Note: I will not be sharing answers. I do not know how to answer many of them....and evidently Rob Bell doesn't either, at least not in this book.
Warning: If you cannot handle hard questions about God and Faith, do NOT read this. Please read that last sentence again.
So, here we go:
Of all the billions of people who have ever lived, only a select number will make it to "a better place" and every single other person will suffer in torment and punishment forever? Is this acceptable to God? Has God created millions of people over tens of thousands of years who will spend eternity in anguish? Can God do this, or even allow this, and still claim to be a loving God? If there are only a select few who go to heaven, which is more terrifying to fathom: the billions who burn forever or the few who escape this fate? How does a person end up being one of the few? Chance? Luck? Random Selection? Being born in the "right" place, family or country? Having a Youth Pastor who "relates better to kids"? What kind of faith is that? More importantly, what kind of God is that?

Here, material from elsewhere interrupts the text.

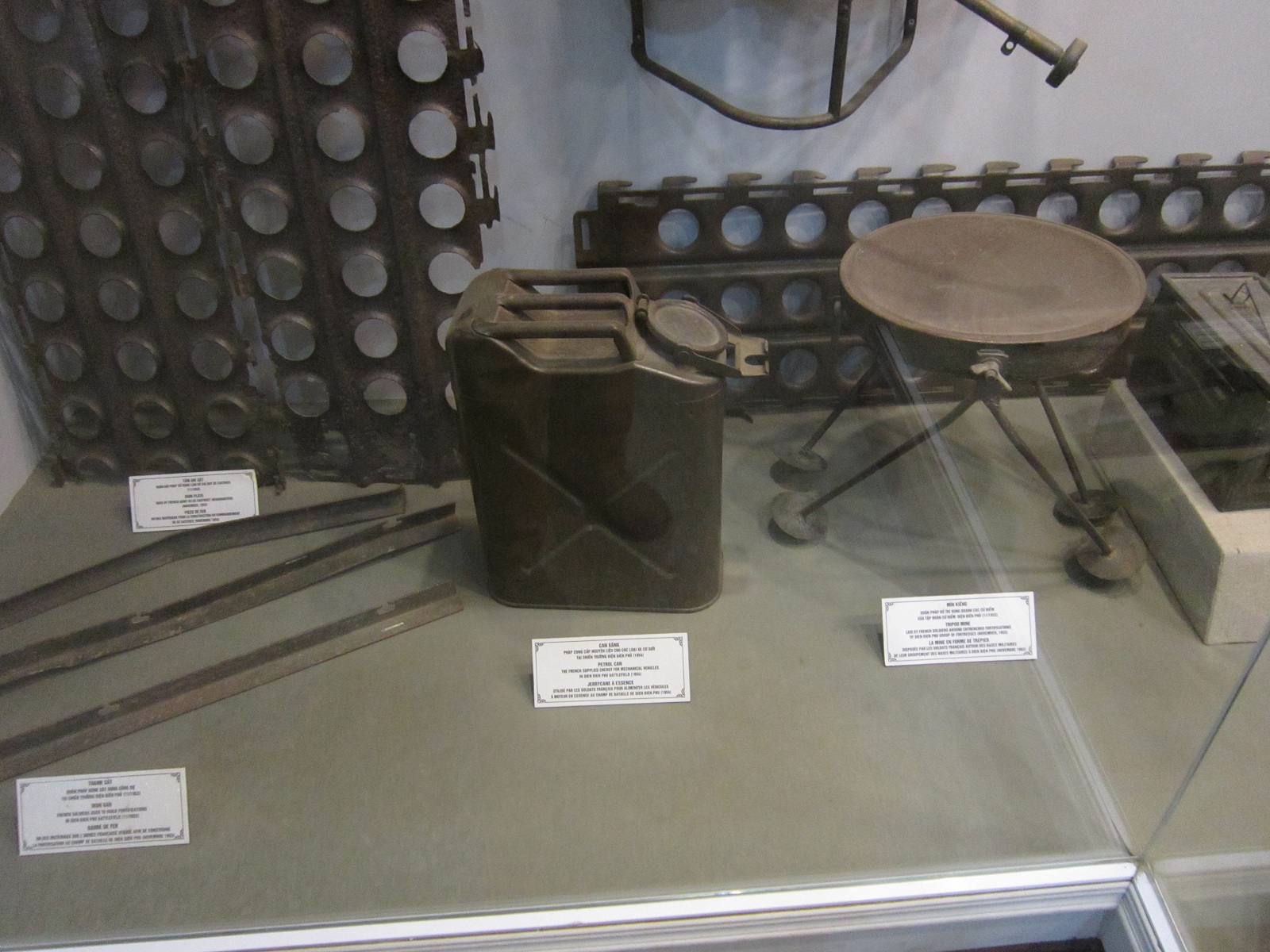 Большой раздел экспозиции посвящён организации системы тыла, что не удивительно. Победа в сражении была достигнута прежде всего потому, что вьетнамцы сделали то, что французы считали невозможным - в лишённой дорог горно-лесистой местности сосредоточили и снабжали всем необходимым группировку из четырёх дивизий с артиллерией и ПВО. В результате французы, твёрдо убеждённые, что их противник не сможет доставить под Дьен Бьен Фу артиллерийские орудия и уж тем более обеспечить их достаточным количеством боеприпасов, с началом штурма были шокированы настолько, что начальник артиллерии французского гарнизона через два дня боёв покончил с собой. Разумеется, всё это потребовало огромных усилий, и представленные экспонаты позволяют осознать каких. Обратил внимание на рессору от грузовика с бамбуковыми накладками вместо лопнувших пластин.

Many people believe that there is an age at which people are smart enough and old enough to "believe" the "right" things about God. People often refer to this as the "age of accountability". Most think this is around 12 years old. This brings up several questions, one being the risk that every new life then faces. If every new baby born could grow up to NOT believe the right things and go to hell forever, then prematurely terminating a child's life anytime from conception to 12 years old would actually be the loving thing to do, guaranteeing that the child ends up in heaven, and not hell, forever. Why run the risk?
So, when a 15 year old atheist dies in a car accident, and missed his chance by 3 years, what happens? Was God limited to that 3 year window and if the message did not get to that young man in time, well, that is just unfortunate? And what exactly would have had to happen in that three-year window to change his future? Would he have had to perform a specific rite or ritual? Or take a class? Or be baptized? Or join a church? Or have something happen somewhere in his heart?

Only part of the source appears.